# My first silky- Scrat the over priced fluff ball :)



## missinasworld (Feb 1, 2013)

So a few weeks back I found a listing online for silky, rex, russian blue and other neat sounding rats that were at a petstore about 35minutes from my house. It turned out my best friend lived only a few blocks away so we went and had a look. It was a hole in the wall pet store that took amazing care of their animals. All rats were bred onsite and they had everything from neat rats to skunks and even a lemur! We saw them feeding fresh veggies and fruits to the animals and changing water bottles and dishes out..the animals all looked great and the cages were clean. That being said, I did go home with a new little buddy. His name is Scrat and he is my first ever russian blue silky. I WAY over paid for him at $25, so even though I wanted his brother to, I only took him and i will get him a cage mate from um a less $$ place. I would not have spent so much on a rat in my life, but he was so cute and friendly and just looked at me with those big eyes of his and he melted my heart, not to mention the care and attention the owners took to keep their animals looking great really impressed me. I have never owned a silky rat befor, so it should be interesting to see how he turns out. I have had him for a few weeks now and his color is starting to become more russian blue-he looked almost black when I got him. I can hold him up to my cat now and they almost the same color!
So here he is, my new little man: Scrat


----------



## Rumy91989 (Dec 31, 2012)

$25 is a little pricey for a pet store rat, though it's about what you could expect from some really good breeders, so if he's healthy, well taken care of, and has a great temperament it's not the worst price ever.  Either way, it looks like he was wroth it! WHAT A CUTIE PIE! Congrats.


----------



## TachisMom (Oct 17, 2012)

Honestly, if it's a shop that takes wonderful care of their animals and socializes them well, then $25 would be completely worth it to me. He's ADORABLE!!!!!!!!


----------



## LightningWolf (Jun 8, 2012)

Aw.

Can I say one thing though? That's not a silky, silkies are only found in Australia. Though he is a Satin.


----------



## Eden10 (Aug 11, 2012)

ADORABLE can't wait to see pics of him as he grows. Yeh he does look like my satin boy with the long guard hairs


----------



## Jess Of TheFatRatChannel (Jan 31, 2013)

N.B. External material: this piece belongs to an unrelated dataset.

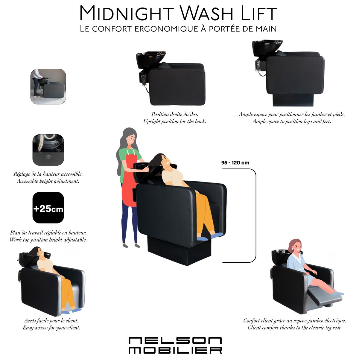 De Midnight Wash Lift verbetert zowel het comfort als de functionaliteit dankzij de elektrisch verstelbare hoogte van 25 cm, waardoor de hoogte tussen 95 cm en 120 cm kan worden ingesteld. Deze functie optimaliseert de ergonomie voor de kapper, vermindert vermoeidheid en zorgt voor optimale werkomstandigheden.

Huh, $25 is about £15-16. That's a good price in England. 
I always like to spend a little extra on rats anyway because i know that money goes back into caring for their parents and siblings.  I think the most expensive fancy rat i've seen for sale was £25-£30 which is about $37-$44. 

He is adorable anyway, and the main problem with buying from pet shop is that most are bred in rodent mills so if they were bred on site then that's not a problem. : Infact that's kinda like hobby breeders in a sense. 

Good luck with your little rattie, he's so sweet!


----------



## cagedbirdsinging (May 28, 2012)

I pay $25 at my breeder. That price is way out of line for a pet store!

Very cute, though!


----------



## missinasworld (Feb 1, 2013)

Ah didn't know that silkys were not in the US yet. But still, he is rather neat and his coat feels super soft and differant from the girls, so a satin is cool to! I think I might nicly inform the pet store that they are mislabled though. Today I'm going down that way again and hopeing to find a cage mate for him..but I am not going to get my hopes up just yet. 

Missina


----------



## Eden10 (Aug 11, 2012)

Yeh he is still a really cool find! Don't know too many people who have Satins. I'm still unsure if my boy is one as I got him from Petsmart, but everyone on here seems to think he is & he does feel very different to my other boys & has long guard hairs....it is possible I got really lucky! Sometimes cool rats are thrown into the mix of your typical pet store ratties. Can't wait to see pics if you find him a friend!!


----------



## Aether (Mar 7, 2013)

He's beautiful!


----------



## rhodri (Jul 16, 2012)

he is sooo cute! O: but wait silky rats arent in the u.s? I had a silky dumbo though


----------



## ratchet (Sep 27, 2012)

I've seen advertised silkies in the US.. 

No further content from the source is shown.